The Inspector-General of Police, Mr. Ibrahim Idris, has warned the Senate against investigating allegation of his marriage to a junior police official, indirectly saying he can marry as many as four.
Idris and Sen. Isah Hamman Misau representing Bauchi Central are embroiled in a huge fight.
The senator had accused the IGP of massive corruption including buying two SUVs for Mrs. Aisha Buhari and breaching the law of service by impregnating a female police officer, and marrying her secretly in Kaduna State.
An eight-member Adhoc Committee was set up by the senate to probe the allegations.
In a written defence to the committee presented through his lawyer, Dr. Alex Iziyon (SAN), Idris asked Misau to cite a section of the law that prevents him from dating or marrying a policewoman, adding that the lawmaker’s father, a retired policeman, married his mother who was a policewoman while both were in the force.

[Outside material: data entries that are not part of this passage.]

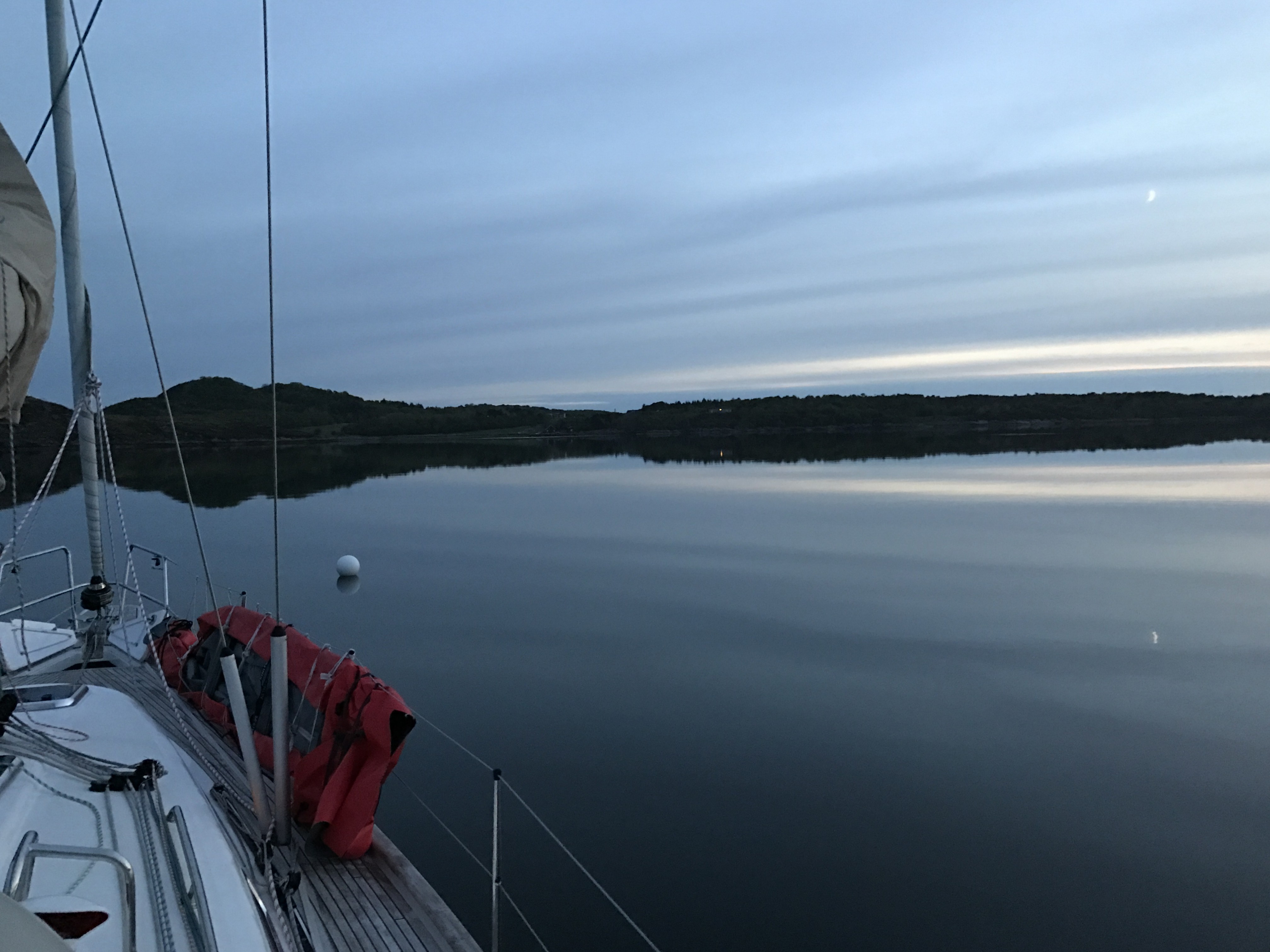 Framme i Sirivåg kl 22, enda lediga platsen var utanpå en annan segelbåt men de sov så ingen kom upp. Jag lyckades knyta midskeppsknapen och la sen ut förtöjning med båtshaken i för och akter så jag slapp kliva över på deras båt. Hoppas de inte ska gå kl 06… Fin lyrtorsk kokad på Ulfs goda sås som han gjorde till torsk i ugn med tomater 🙂 Tack Ulf!
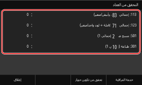 من لوحة التشغيل، اضغط على [التحقق من العداد] في الشاشة [الرئيسية].
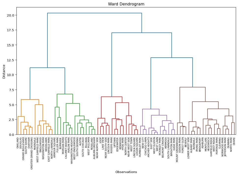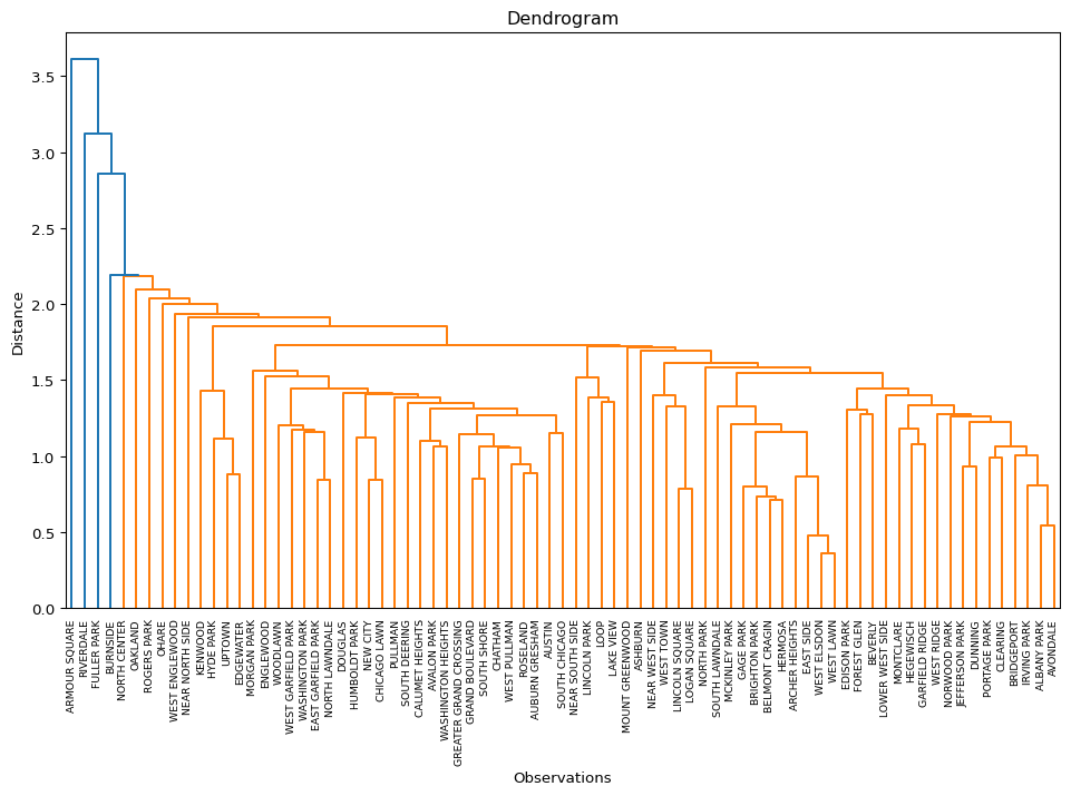 To illustrate these methods, we will use the Chi-CCA sample data set with socio-economic determinants of health for Community Areas in 2020 in Chicago, IL. It has only 77 observations, which facilitates the drawing of a dendrogram. The latter becomes difficult for larger data sets.

“Until he brings such section of the Police Act, it will amount to discussing the Inspector-General of Police’s private life, which ordinarily should not have been entertained on the floor of the Senate.

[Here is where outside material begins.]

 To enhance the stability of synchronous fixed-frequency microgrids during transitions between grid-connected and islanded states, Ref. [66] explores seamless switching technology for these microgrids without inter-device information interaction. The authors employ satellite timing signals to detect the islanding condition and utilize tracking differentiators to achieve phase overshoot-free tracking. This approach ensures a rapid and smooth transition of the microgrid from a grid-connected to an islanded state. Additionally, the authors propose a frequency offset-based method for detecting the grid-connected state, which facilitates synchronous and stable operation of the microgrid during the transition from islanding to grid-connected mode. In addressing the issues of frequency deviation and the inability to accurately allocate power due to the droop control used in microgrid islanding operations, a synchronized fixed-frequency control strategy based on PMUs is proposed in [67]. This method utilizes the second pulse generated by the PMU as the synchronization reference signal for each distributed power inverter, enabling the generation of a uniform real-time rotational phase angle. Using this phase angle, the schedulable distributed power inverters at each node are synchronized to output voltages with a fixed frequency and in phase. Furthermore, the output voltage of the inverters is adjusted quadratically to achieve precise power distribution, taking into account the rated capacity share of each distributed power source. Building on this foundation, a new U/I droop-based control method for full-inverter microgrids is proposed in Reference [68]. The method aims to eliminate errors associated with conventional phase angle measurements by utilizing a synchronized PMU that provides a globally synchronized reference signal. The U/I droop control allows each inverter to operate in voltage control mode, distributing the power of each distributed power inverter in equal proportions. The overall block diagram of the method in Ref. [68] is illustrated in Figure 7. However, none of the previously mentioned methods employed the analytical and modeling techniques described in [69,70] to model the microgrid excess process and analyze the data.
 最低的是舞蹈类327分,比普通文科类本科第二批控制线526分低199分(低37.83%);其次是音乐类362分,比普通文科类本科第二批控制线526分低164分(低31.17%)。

“It might be appropriate to remind the senator, whose mother retired from the police as an Inspector of Police and a father who retired from the police as an Assistant Inspector-General of Police, that the Inspector-General of Police is a Moslem and, according to Islamic Law, can marry four wives provided he can love them equally,” Idris wrote in the defence.

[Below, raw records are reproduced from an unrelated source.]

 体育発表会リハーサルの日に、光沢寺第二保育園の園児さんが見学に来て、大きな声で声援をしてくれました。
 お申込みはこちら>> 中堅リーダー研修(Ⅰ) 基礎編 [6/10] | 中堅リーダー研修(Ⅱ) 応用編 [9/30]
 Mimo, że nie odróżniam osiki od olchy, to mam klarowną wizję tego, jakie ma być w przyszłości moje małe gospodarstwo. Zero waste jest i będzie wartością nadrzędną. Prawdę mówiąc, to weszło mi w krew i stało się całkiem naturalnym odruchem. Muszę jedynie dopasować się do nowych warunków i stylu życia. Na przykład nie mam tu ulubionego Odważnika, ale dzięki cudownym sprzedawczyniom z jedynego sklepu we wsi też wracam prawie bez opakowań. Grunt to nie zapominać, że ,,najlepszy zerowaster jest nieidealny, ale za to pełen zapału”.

Denying Misau’s claim that two female officers were promoted by the IGP undeservedly, and only got promotion because he was sleeping with them, Idris said in his defence: “The senator also alleged that the Inspector-General of Police is in a relationship with one Corporal Amina whom he claimed was promoted from the rank of Corporal to an Assistant Superintendent of Police within 12 months.
“This allegation is false and the senator is under obligation to give the full particulars of the female police (officer), where she is serving and her duty post. It is not possible to promote a corporal to the rank of an ASP except the officer has attended an in-service cadet course.”